The home healthcare industry may be in store for changes in how Medicare pays its providers following the release of a report from the Government Accountability Office highlighting improper billing by three for-profit home healthcare companies.
Reimbursement revise
GAO report may trigger change in home-care pay
“The reimbursement policy encourages gaming, and gaming is what’s occurred,” Sen. Chuck Grassley (R-Iowa) said in a news release. Grassley was one of two Senate Finance Committee members who requested the report. He and Sen. Max Baucus (D-Mont.), chairman of the committee, called for changes to Medicare’s reimbursement approach, as did the industry’s major association, the National Association for Home Care & Hospice.
“The system is flawed,” said Joe Hafkenschiel, president of the California Association for Health Services at Home, which represents home-care and hospice providers in the state. The method for reimbursing for home care—therapy in particular—needs to be reworked and the GAO report could spur such a change, he said.
Similarly, Val Halamandaris, president of the NAHC, said in a statement that “We have long been concerned that the current model discourages home health agencies from providing the care that was appropriate for the individual patient needs.” He said the group commends the Senate Finance Committee for drawing attention to the matter.
Of concern, though, is that the CMS will use a broad approach to fix the problem, potentially punishing providers that haven’t been abusing the system, Hafkenschiel said. “The larger issue is, do you target the people manipulating the system or do you punish everyone because of the bad actors?” he said in reference to home health agencies that are adjusting care to maximize profit. “I think there’s a growing feeling that we need to go after the fraud and abuse in the industry,” he said.
The industry already absorbed a 4.89% pay cut in 2011 from Medicare and is in line to see it cut again by 3.35% in 2012, assuming the CMS follows through with its plan in a proposed rule issued in July. A cut of that size for 2012 would result in a decrease of about $640 million compared with Medicare payments to the nation’s home health agencies in calendar 2011. The final rule is expected in November or early December.
Many of the problems cited in the GAO report, inspired by a story in the Wall Street Journal, concern billing for therapy, which can change reimbursement markedly when certain amounts of care are achieved. Congressional investigators found in an examination of records from public companies that Amedisys, Baton Rouge, La., Gentiva Health Services, Atlanta, and LHC Group, Lafayette, La., “encouraged therapists to target the most profitable number of therapy visits, even when patient need alone may not have justified such patterns.”
“Each company showed concentrated numbers of therapy visits at or just above the point at which a ‘bonus’ payment was triggered in the prospective payment system,” according to examples cited in the report. The report also says that Amedisys encouraged managers to meet a 10-visit threshold and that LHC Group managers, including CEO and chairman Keith Myers, “instructed employees to increase the number of therapy visits provided in order to increase case mix, a measurement of patient acuity, and revenue.”
Two of the companies in separate statements denied they were billing inappropriately. Amedisys wrote: “We are disappointed with the committee’s conclusions, and we stand by our company’s integrity, ethics and patient-care practices.”
Gentiva wrote that the company “maintains its belief that the company is providing the highest quality of care and receives payment within the standards set forth by the reimbursement system established by the (CMS).”
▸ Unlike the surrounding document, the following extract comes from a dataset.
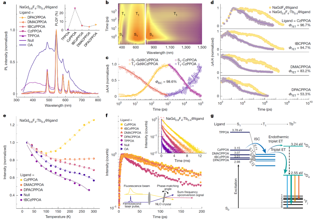 2020年,韩三阳以第一作者身份发表《自然》文章,展示团队研究成果:利用镧系纳米晶与界面分子进行结合,可实现三线态激子的自旋调控以及快速将激子能量注入稀土纳米颗粒。

LHC pointed to a $65 million settlement the company agreed to last month (Oct. 3, p. 4) that resolves the matter of home therapy visits among other allegations. “LHC Group is pleased to have put this matter behind us, and we look forward to working cooperatively with (HHS’ inspector general’s office) under the terms of the corporate integrity agreement over the next five years.” LHC wrote in a statement.
The release of the report Oct. 3 was followed by steep declines in share prices of the four major publicly traded home health companies that day, with the companies above and Almost Family, which was examined by the investigators but not singled out for major billing issues by the GAO, closing down 8% to 33% in one day.